I found myself at a ‘rock bottom’ recently. By that, I mean I felt very low. I got to a point where I lacked energy and ideas. I simply didn’t know what to do next. Does this ever happen for you? I know authors can find themselves in this place. It’s a dark place in which all options seem blocked off. In my case, it is often a matter of thinking myself into a corner. And once there, I become as terrified as any cornered wild animal.

Then my mind offered me a new thought. It came in the form of a question: what could I do right now to make myself feel better? Within seconds, I felt relief from that trapped feeling. And, at that moment, I knew that it was not finding the answer to the question that made me feel better; it was the attitude of asking that re-opened my world and made me believe in possibilities again.

When you are writing a book or blog, your mind will often lead you down a dead-end. Then it is time for you to apply the question cure.

As a journalist, I immersed myself in questions every day. Questions spark a story idea. How do start-up companies find money for growth? What led that company to go offshore? I’d ask everyone involved questions and their answers became the story. I spent 90% of my time asking questions and only 10% writing the answers. That might be an exaggeration.

Today, I sometimes feel in a question drought, starved of the juice that questions provide me. That is what I was suffering from recently: question starvation.

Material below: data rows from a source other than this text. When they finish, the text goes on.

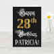 The front of this elegant and luxurious birthday-themed greeting card design features the message “Happy 28th Birthday,”, along with a personalized recipient name. Part of the message is in a formal script-style text. The large number “28th” features a faux/imitation gold-inspired look pattern. The background is colored black. The inside has a personalized birthday greeting message, or could perhaps be cleared and left blank if a message is to be written by hand instead. An elaborate, personalized birthday greeting card like this might be a respectable way to deliver a birthday greeting message to somebody who is celebrating their twenty-eighth birthday. [~Z0000559]
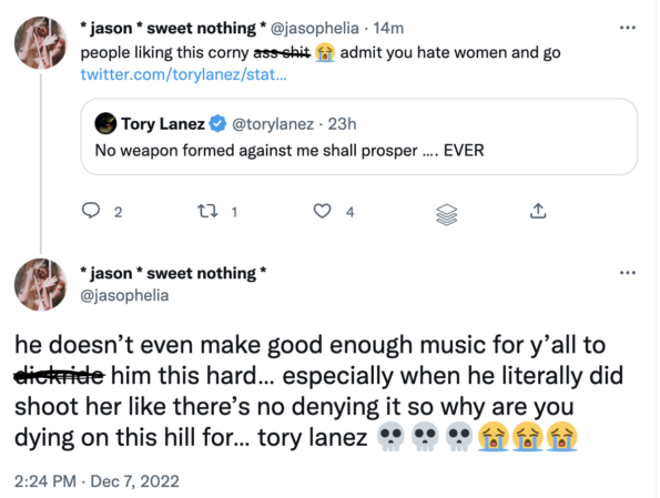 “he doesn’t even make good enough music for y’all to d*ckride him this hard… especially when he literally did shoot her like there’s no denying it so why are you dying on this hill for… tory lanez”
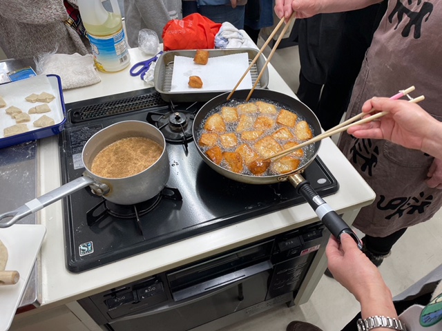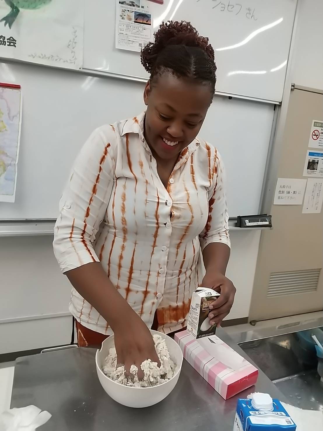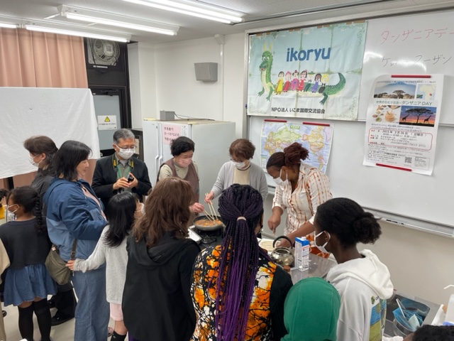 途中、タンザニアのスパイスのきいたお茶とマンダジ(揚げパン)を調理していただき、参加者のみんなでおいしくいただきました。

Imagine my horror, when I Google ‘questions’ and see them divided into two types: open and closed. How sad! I can think of dozens of types of questions. Not all of them help us. Here are some in my treasure trove for you to dip into whenever you need to apply the question cure.

Reflective questions

You will recognise these ones; they ask us to go inside and find the answers within. It was a reflective question that got me out of the funk I described above. Reflective questions help us to digest information; they bring us into the story, and make us the central character. How do you use reflective questions to change your mood?

Compassionate questions

Our culture is not good at training us for questions that do not demand a solution: compassionate questions. For example, I might ask myself, how am I feeling right now? If the answer is miserable or frustrated, the compassionate response is to just acknowledge how I feel and accept it. We need compassion to ask ourselves some of the hard questions, and to ask hard questions of others, including our readers.

Leadership questions

Leadership questions are designed to find answers, but not to serve them up on a platter. ‘Questions wake people up,’ writes author Michael Marquardt in his book, Leading with Questions. Leaders who ask the right questions avoid disasters, he argues and I agree. This is perhaps best illustrated by examples of leaders who failed to ask the right questions, such as the leaders of the collapsed companies: the bank, Lehman Brothers; energy trader, Enron; and accountants, Arthur Andersen.

Spirited questions

My favourites, these are cheeky and light-hearted questions on serious topics. The questioner challenges, teases and dances with the questioned. One question leads to the next, generating energy, ideas and new questions. Spirited questions lead to a hilarious question conflagration.

Listening question

If you want a single secret to deepen your relationship with friends, clients and lovers, ask them listening questions. These are questions that keep you in listening mode. You ask, they answer. You listen and ask if you understand them correctly. ‘Are you saying that you are not sure why you are writing this book?’ is a listening question. They are magic.

The guiding question

Are you sure that you want to marry a conservative politician (when you are a Greens voter)? That is a guiding question. I mean, it’s quite obvious that I don’t think you should marry them. There are more skilful versions of this question. Sometimes I ask my clients, ‘Who are you to think that your first book will be perfect?’ or ‘Who are you to withhold your wisdom from the world?’

Silly questions

You’d be surprised at the revealing answers a silly question often delivers. Bad things happen because we do not ask enough silly questions. During the Dotcom boom, no-one asked how come these new companies did not have any plans to make profits? And then came the Dotcom crash, in which everyone asked that question.

Reverse psychology questions

If you want a certain answer, and someone is just not giving it to you, there is nothing like asking if the opposite is true. ‘So you are saying that writing your book is easy as pie?’ I know, it is cheating. But sometimes we are desperate.

Angry questions

There is a question that increases, rather than decreases, our agony, and it almost always starts with the word why. Why am I writing this book, this blog, training to get fit, declining this piece of chocolate cake? Asking ourselves, or someone we know or love an angry question is not a good idea. We get defensive answers.

However, they are brilliant at a social or organisational level. Think about the South African activist, Nelson Mandela, questioning apartheid. Or the suffragettes, questioning women’s franchise. Angry questions can, and must, be asked of the world to challenge power and stimulate change.

In these times, angry questions can be the inspiration for a whole book. A fantastic example is the anti-diet book Fat is a Feminist Issue by Psychologist Susie Orbach.

The ol’ favourites

How, what, when and why not are marvellous questions for curing ourselves. For example: How could I help someone else right now? What could I do to make myself feel better? When could I find time to relax and meditate? Why not go for a walk right now?

When to ask why?

When we are in pain, why is not the right question. But why is the right question when we are feeling happy and purposeful and resolved. In that state, understand ourselves and our motivations and it is time to get clear about our why we do what we do.